Start of Entries supplied

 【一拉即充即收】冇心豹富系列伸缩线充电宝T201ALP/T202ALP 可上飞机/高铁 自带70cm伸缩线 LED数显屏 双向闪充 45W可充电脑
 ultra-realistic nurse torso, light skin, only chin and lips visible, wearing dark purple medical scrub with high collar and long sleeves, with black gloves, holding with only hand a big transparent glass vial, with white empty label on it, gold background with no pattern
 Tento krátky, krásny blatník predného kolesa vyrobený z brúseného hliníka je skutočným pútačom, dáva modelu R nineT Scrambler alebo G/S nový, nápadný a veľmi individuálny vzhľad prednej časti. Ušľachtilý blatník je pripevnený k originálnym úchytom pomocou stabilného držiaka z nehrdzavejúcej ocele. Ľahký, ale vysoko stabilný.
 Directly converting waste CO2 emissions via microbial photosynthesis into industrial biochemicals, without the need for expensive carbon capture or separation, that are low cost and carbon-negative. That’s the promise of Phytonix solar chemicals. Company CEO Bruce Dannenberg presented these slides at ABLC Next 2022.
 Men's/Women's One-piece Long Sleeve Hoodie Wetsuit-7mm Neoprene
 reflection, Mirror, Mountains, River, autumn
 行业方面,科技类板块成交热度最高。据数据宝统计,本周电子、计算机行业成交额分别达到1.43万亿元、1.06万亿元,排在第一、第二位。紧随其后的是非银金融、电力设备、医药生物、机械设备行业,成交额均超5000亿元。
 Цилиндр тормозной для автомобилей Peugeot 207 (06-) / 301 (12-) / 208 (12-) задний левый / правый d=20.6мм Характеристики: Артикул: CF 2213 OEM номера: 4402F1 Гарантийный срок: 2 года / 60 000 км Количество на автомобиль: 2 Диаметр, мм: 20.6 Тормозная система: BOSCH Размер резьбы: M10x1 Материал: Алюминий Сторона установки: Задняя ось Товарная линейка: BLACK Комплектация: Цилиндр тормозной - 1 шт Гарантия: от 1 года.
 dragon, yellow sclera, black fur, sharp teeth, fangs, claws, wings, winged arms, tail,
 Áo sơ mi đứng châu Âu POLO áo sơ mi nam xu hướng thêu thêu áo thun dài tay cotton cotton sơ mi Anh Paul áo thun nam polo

End of Entries supplied
Start of Entries supplied

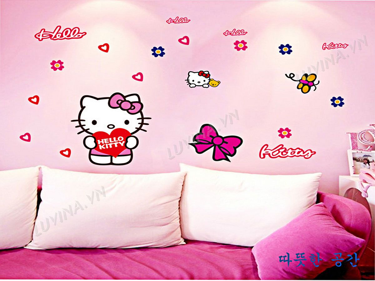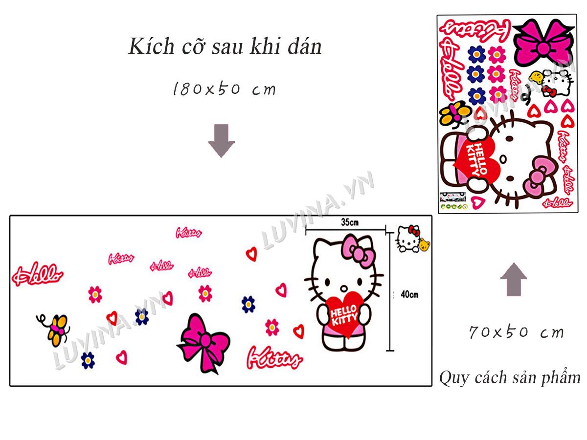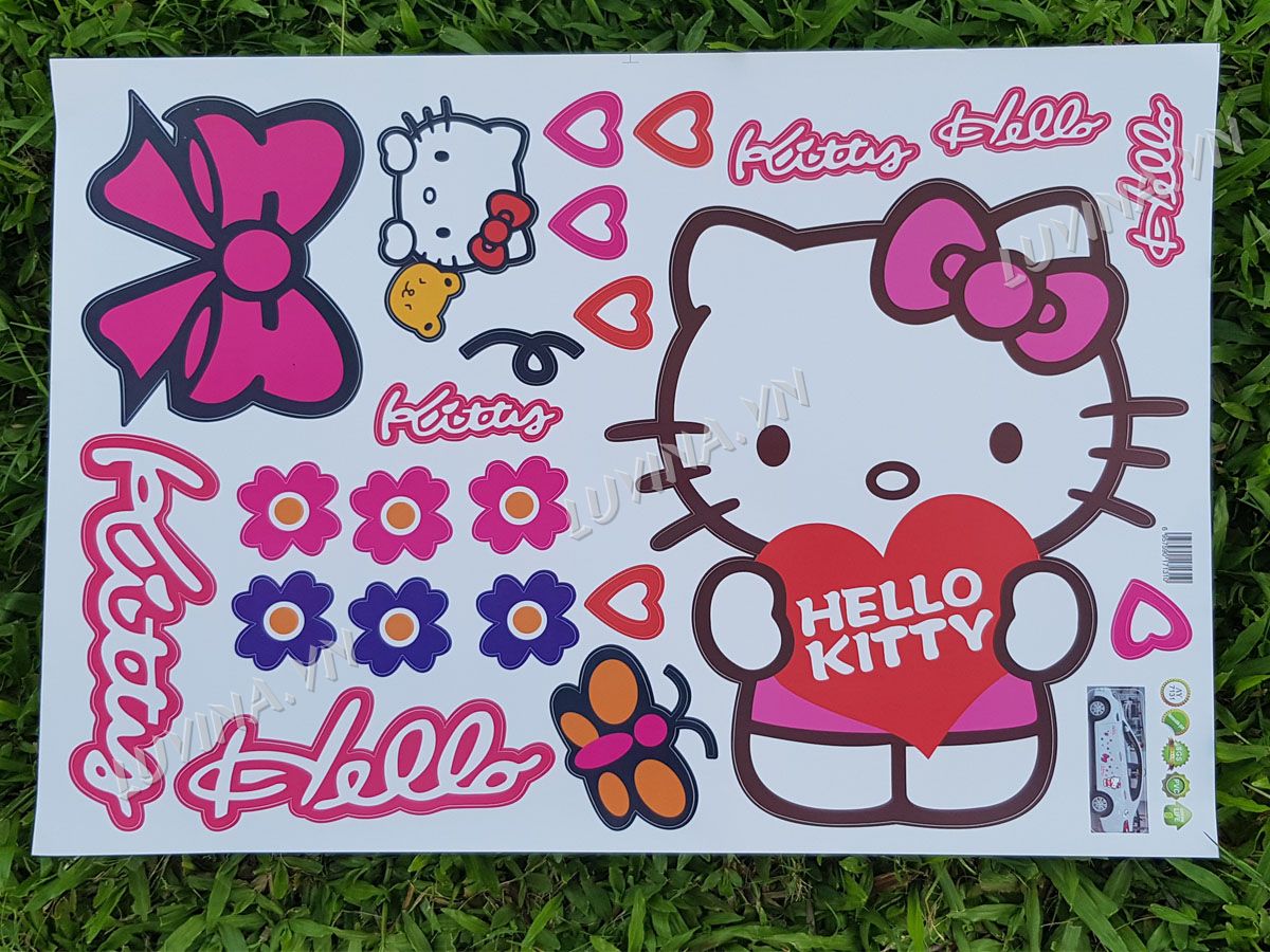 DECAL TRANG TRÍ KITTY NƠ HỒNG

End of Entries supplied

## Exercise goal
Only the lines above from the line with "Цилиндр тормозной для" to the line with "Áo sơ mi đứng", those two lines included, should be reproduced exactly.

## Solution for this problem
 Цилиндр тормозной для автомобилей Peugeot 207 (06-) / 301 (12-) / 208 (12-) задний левый / правый d=20.6мм Характеристики: Артикул: CF 2213 OEM номера: 4402F1 Гарантийный срок: 2 года / 60 000 км Количество на автомобиль: 2 Диаметр, мм: 20.6 Тормозная система: BOSCH Размер резьбы: M10x1 Материал: Алюминий Сторона установки: Задняя ось Товарная линейка: BLACK Комплектация: Цилиндр тормозной - 1 шт Гарантия: от 1 года.
 dragon, yellow sclera, black fur, sharp teeth, fangs, claws, wings, winged arms, tail,
 Áo sơ mi đứng châu Âu POLO áo sơ mi nam xu hướng thêu thêu áo thun dài tay cotton cotton sơ mi Anh Paul áo thun nam polo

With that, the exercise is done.